Chicken, Water, and Elections

Photo by George W. Ackerman

Oiling the Chicken Machine.” Garth Brown brings his typically thoughtful and balanced perspective to bear on the question of lab grown meat. As he points out, detailing the horrific conditions in which factory chickens are raised and butchered, “if there is no middle ground, lab-grown meat is a reasonable alternative to the current system.” Humane options are possible if we would have the courage to take them, but Brown isn’t sure how likely that is: “I cannot conceive of the economic and social changes that would be required to reshape farming into a more human endeavor. The promise of the moment is that it could be done: Advances in agriculture, the ability to collectively move far beyond mere subsistence, have created a surplus that could be used for the enrichment of both farmed land and the people fed by it. The tragedy of the moment is that, barring some radical realignment, efficiency will continue to be an end unto itself, no matter the absurdity that results.”

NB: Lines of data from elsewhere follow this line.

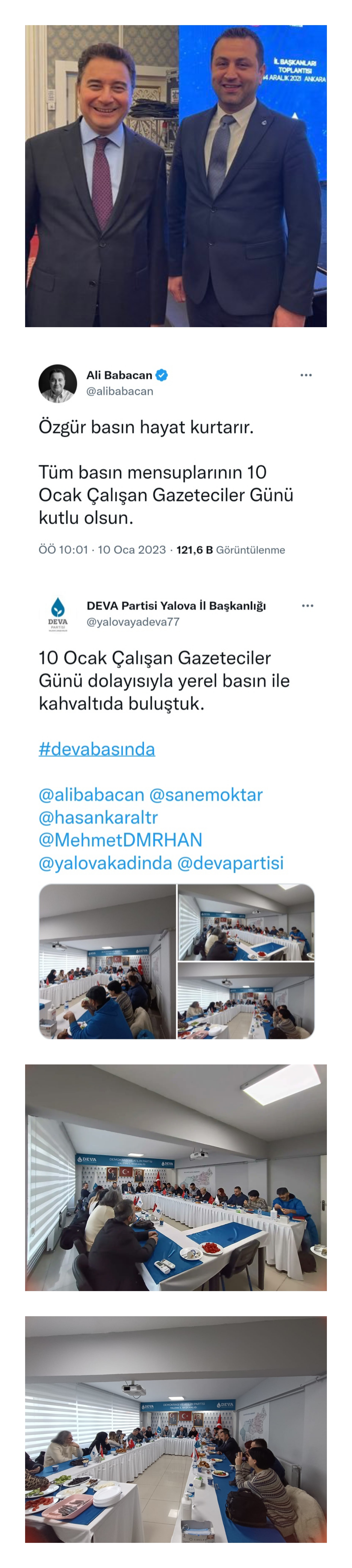 Deva Parisi Genel Başkanı Ali Babacan da resmi sosyal medya hesabından basın emekcileri için bir mesaj paylaştı.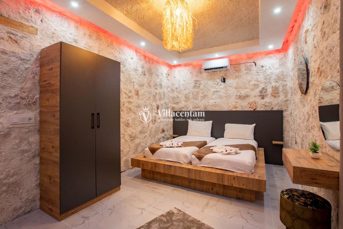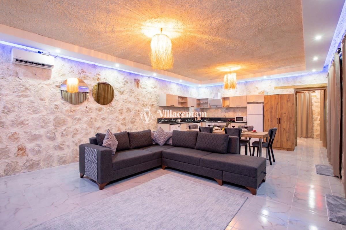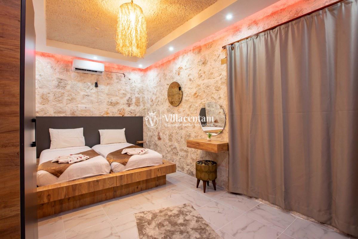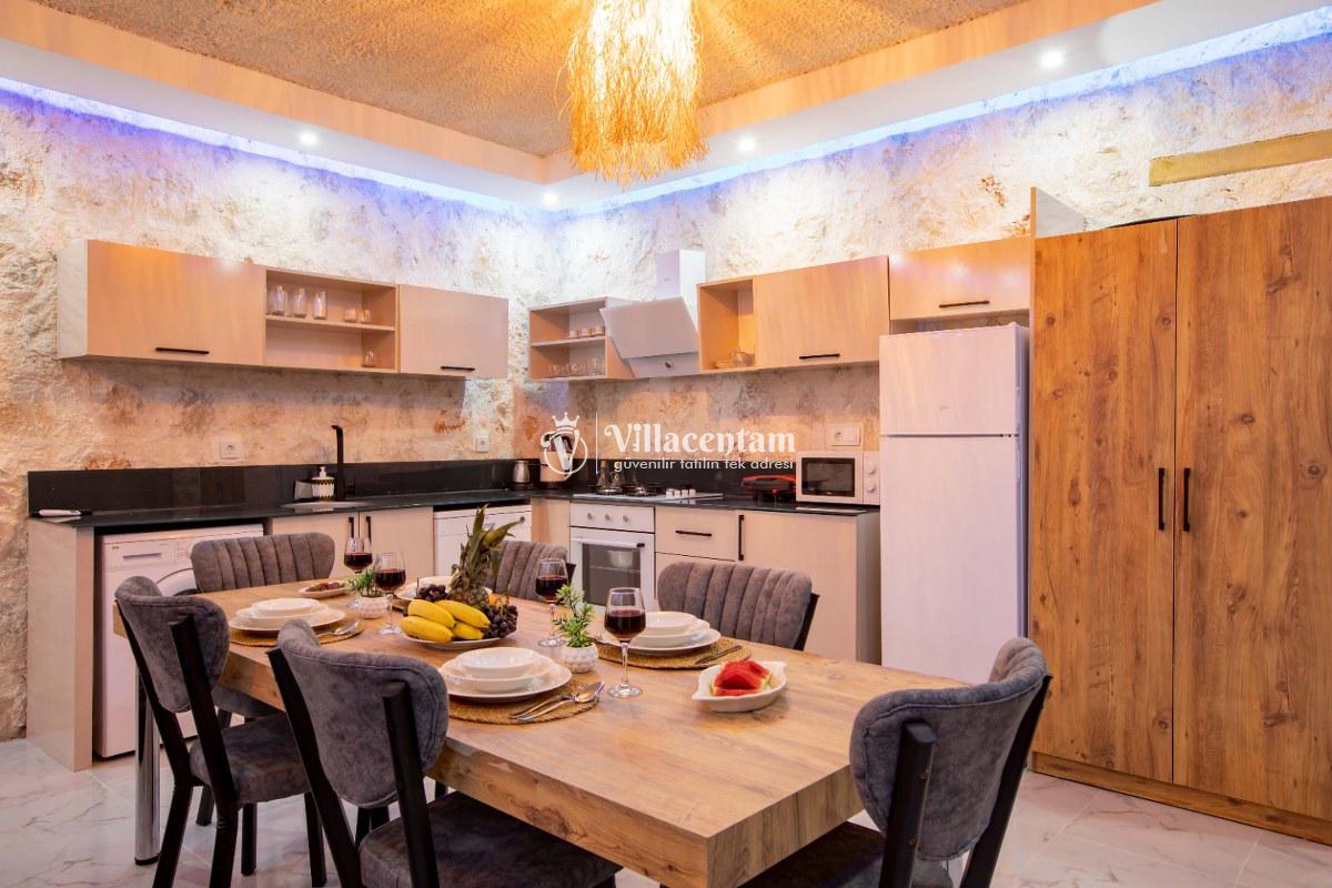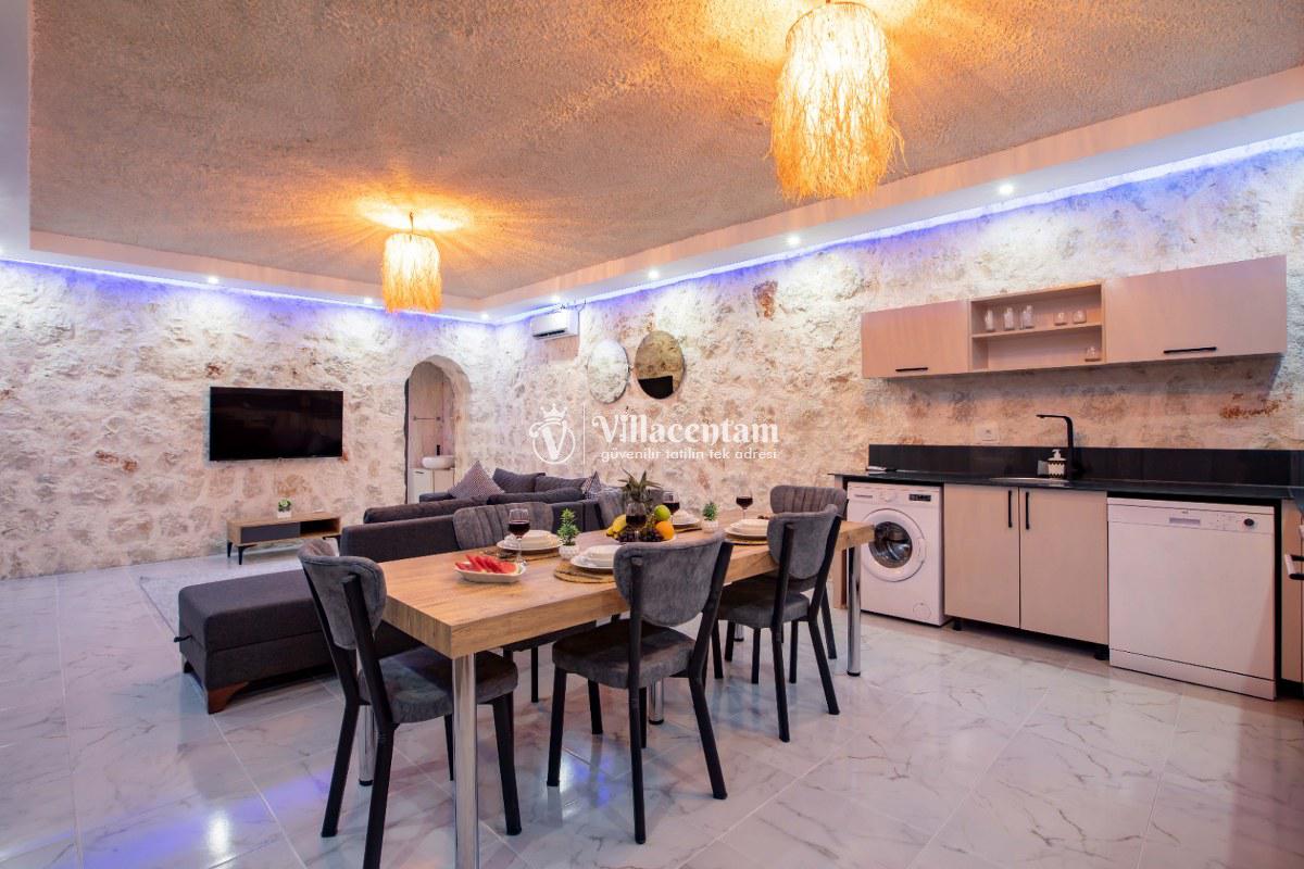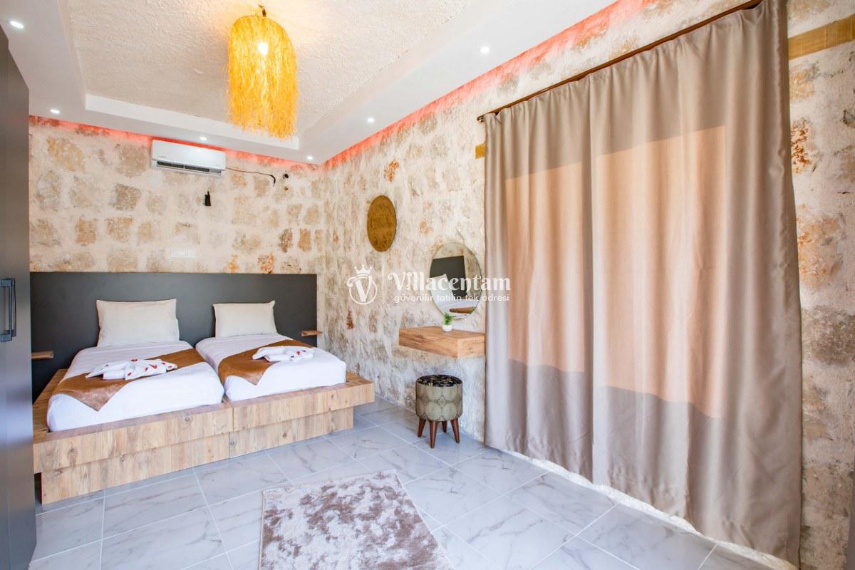 Villa Sunflower Tre, Kalkan Sarıbelen köyünde konumlanmakta olan yeşilliklerle kaplı doğa manzarasına hakim, taş yapı mimarisi ile otantik bir görünüme sahip kiralık villalarımız arasında yer almaktadır. Modern ve konforlu bir şekilde dekore edilen yazlık villamızda 2 adet yatak odası bulunmakta olup, 4 kişiye konaklama imkanı sağlamaktadır. Yatak odalarından bir tanesinin içerisinde tüm yılın vermiş olduğu yorgunluğu giderebileceğiniz jakuzi yer almaktadır. Her bir detayın en ince ayrıntısına kadar düşünüldüğü villamızda çocuklar için uygun mini oyun alanı mevcuttur. Havuz ve havuz terası korunaklı hale getirilen kiralık villamızı muhafazakar aileler, balayı çiftleri ve çekirdek aileler rahatlıkla tercih edebilirler. Sessizlik ve sakinlik içerisinde huzur dolu bir yazlık villada balayı tatili için Villa Sunflower Tre’ yi tercih edebilirsiniz.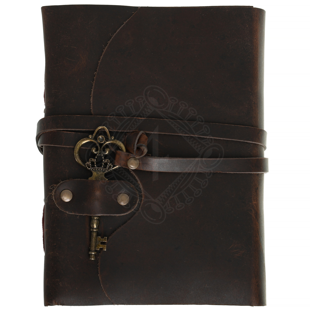 - Praktický uzávěr: Zápisník je obepnutý tenkým koženým páskem, který slouží k jeho bezpečnému uzavření. Pásek se provléká poutkem a na svém konci nese ozdobnou sponu ve tvaru starožitného klíče.
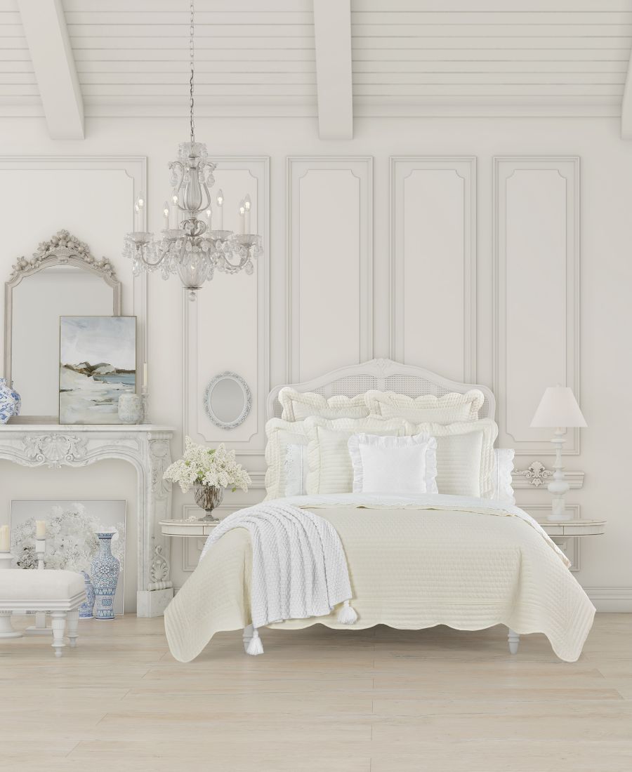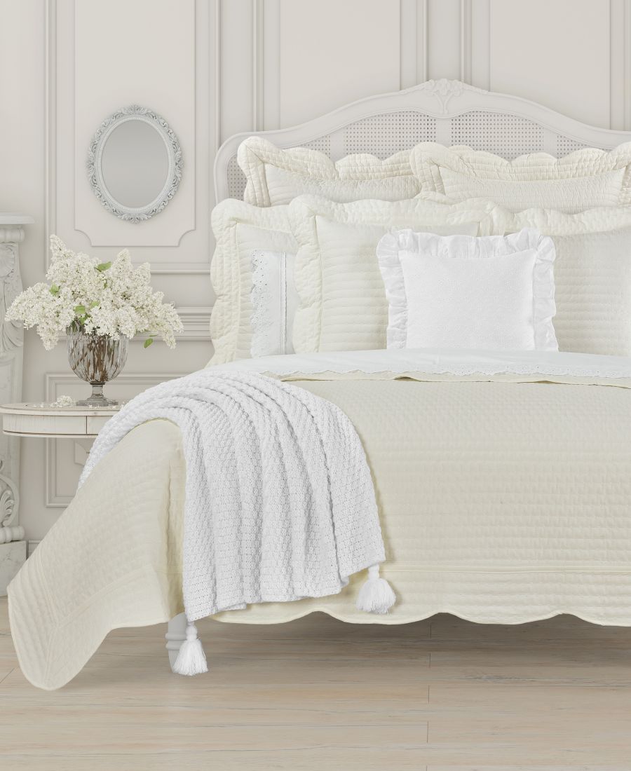Бренд: Piper & Wright Цвет: Cream Украсьте свою кровать стеганым одеялом Amherst с волнистым краем. Оно выполнено из белого хлопка в классическом стиле, с фестончатой отделкой шириной 5 дюймов по четырем сторонам и закругленными углами для создания эффекта драпировки. Мягкий предварительно выстиранный хлопок с обеих сторон придает этому легкому изделию приятную на ощупь текстуру.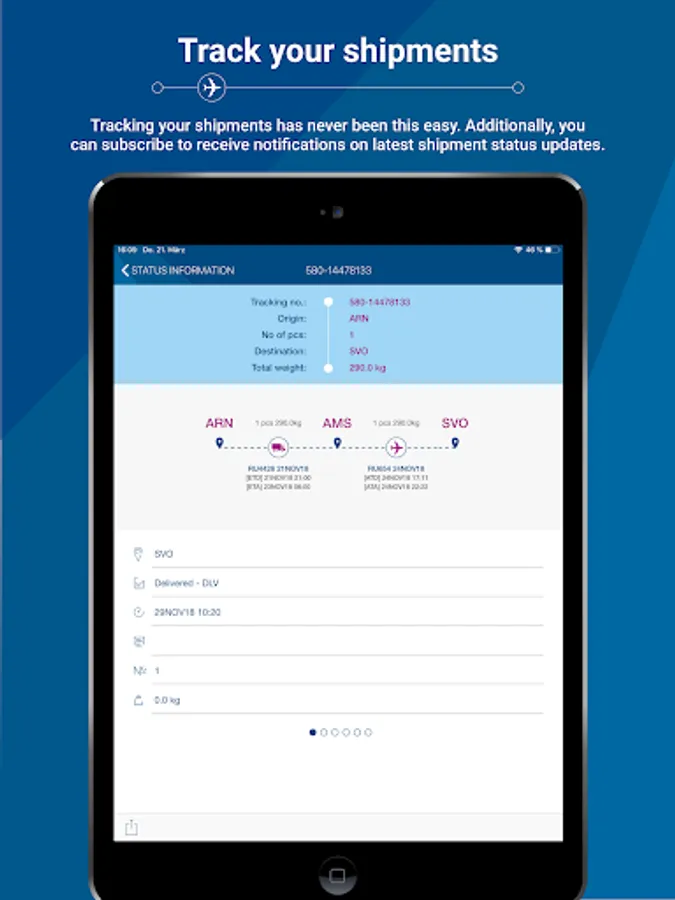 Conveniently look up status updates on your shipments – anywhere, anytime. Simply enter your AWB to receive the latest information.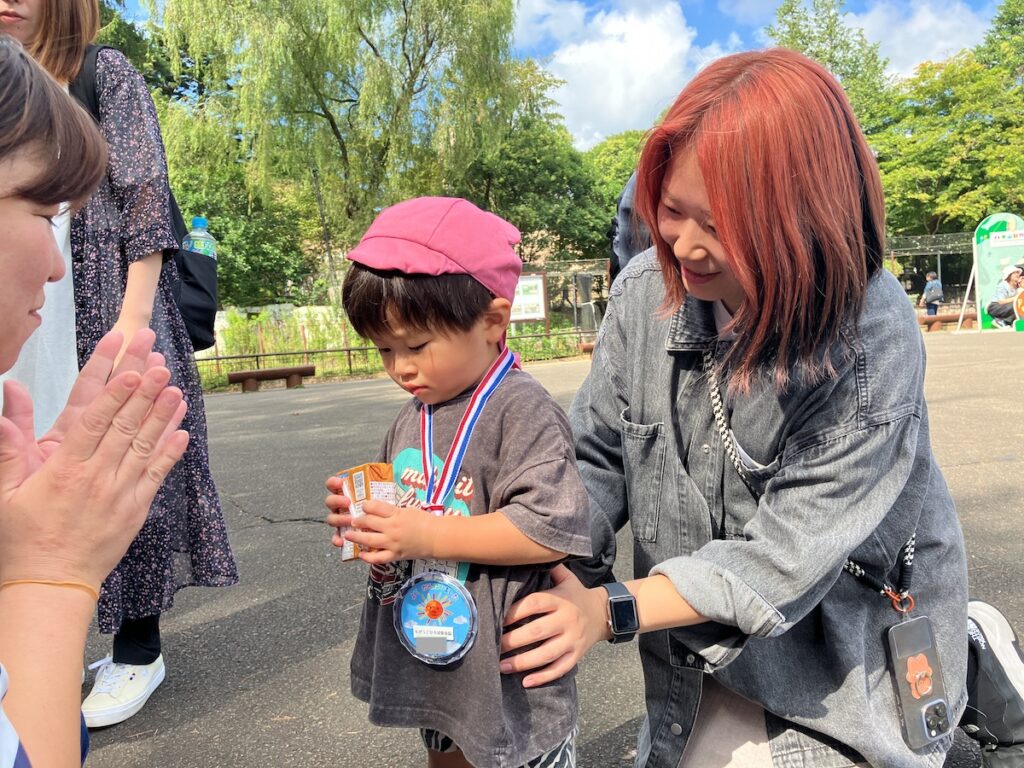 園長先生からメダルをもらうと、嬉しそうに眺めてパパやママにお話ししていました♪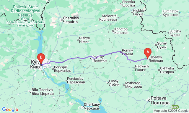 Buses from Lebedyn to Kyiv — 1 trips per day. 1 carriers, tickets from 755 UAH.

The Mystic Art of Gardening.” Caleb Smith explores the life and career of garden designer Russell Page and reflects on the tensions inherent in this field: “At one level, Page’s story provides a cautionary tale. His career shows how any design ethos, even a spiritual protest against empire and consumer capitalism, can become a kind of branding – distinguishing itself against the ugliness of Western, middle-class excesses only to elevate its own market prestige. To redress our social and ecological crises in a substantial way, garden-making would have to help create open, rather than private, sanctuaries for people and nature on every scale, from rewilded urban lots to sustainably managed state and national conservation areas.” (Recommended by Steven Knepper.)

Mountain Solitaire.” Paul Kingsnorth reflects on his travels in America, Edward Abbey, and his experiences at the recent FPR conference: “I’ve always liked FPR, not least because they are hard to confine within standard political or cultural boxes. At their two-day gathering in Madison, Wisconsin, I met people from left and right and both and neither, all of them united, I think, by the same kind of search for home in a homeless world that Edward Abbey wrote about decades back. Inheritors all of the Great Unsettling, we came together around an often unformed need for roots, nature and culture. All of this transcends the distracting nonsense of ‘left and right.’”

Apple Hunter’s 16-year Quest for Rare ‘Lost’ Variety was Just the Start.” Sydney Page describes Tom Brown’s work hunting old apple trees: “His hobby as an apple hunter came about 25 years ago when he and his wife, Merrikay, were at a farmer’s market in Winston-Salem, N.C., on a Saturday afternoon. Brown spotted a stand selling heritage apples — older apple varieties that have existed for multiple generations, and are often unique in their taste, texture, size and shape. Some have complex flavors, and others have multicolored flesh.”

Born-Again Engineering.” Ben D. Giudice begins with the glories of fishing for salmon and then reflects on the engineering approaches that have led to the many dams which imperil the species. Might it be possible for engineers to follow a different model, one that valued the health of humans and the rest of creation? “There exists a spiritual mystery beyond language’s capacity to describe the act of fishing—and all fishers know it. Often it is this, and not the fish, that they are really fishing for. It is something deeper, something that speaks of an intimacy with creation and, by extension, its Creator.”

Citizens of the Things at Hand.” Jason Peters isn’t a fan of presidential elections: “They strike me as undignified; they are shadowy and shady national diversions—that is, things to do, spectacles that mitigate the dull everydayness of our otherwise uneventful lives. They’re like the Super bowl, except we stage them less frequently.”

The Long Reach of the Walmart-Walton Empire.” Civil Eats is launching a series of investigations into how Walmart money shapes our entire food economy. Their influence is massive: “The company’s success has stunning implications for food and agriculture. Walmart has expanded its grocery business exponentially, now collecting one of every three grocery dollars spent in America, with colossal power to influence food prices for most goods, food policy, and the lives of food-producing regions, families, and towns. As a result, Walmart has more dominance over land use and associated climate policy than most of the non-fossil companies in the world.”

The Historic Claims That Put a Few California Farming Families First in Line for Colorado River Water.” Janet Wilson and Nat Lash narrate the history of water rights in the Imperial Valley and explain how a small number of people have come to control vast amounts of scarce water: “The Colorado River system, which supplies 35 million people in seven U.S. states and Mexico, nearly collapsed last year. Even after a wet winter, it is dwindling due to overuse and climate change. But no matter how low its reservoirs sink, the historic claims of these families and all of Imperial County place them first in line — ahead of every state and major city — for whatever water remains.”

Fundamentally Religious and Catholic.” Adam Schwartz reviews Tolkien’s Faith: A Spiritual Biography by Holly Ordway and commends her account of Tolkien’s faith and imaginative art: “Through exhaustive research and insightful analysis, she recounts Tolkien’s lifelong, tested, textured engagement with Roman Catholicism, and thereby establishes how fundamental it was to his identity as a person and a writer.”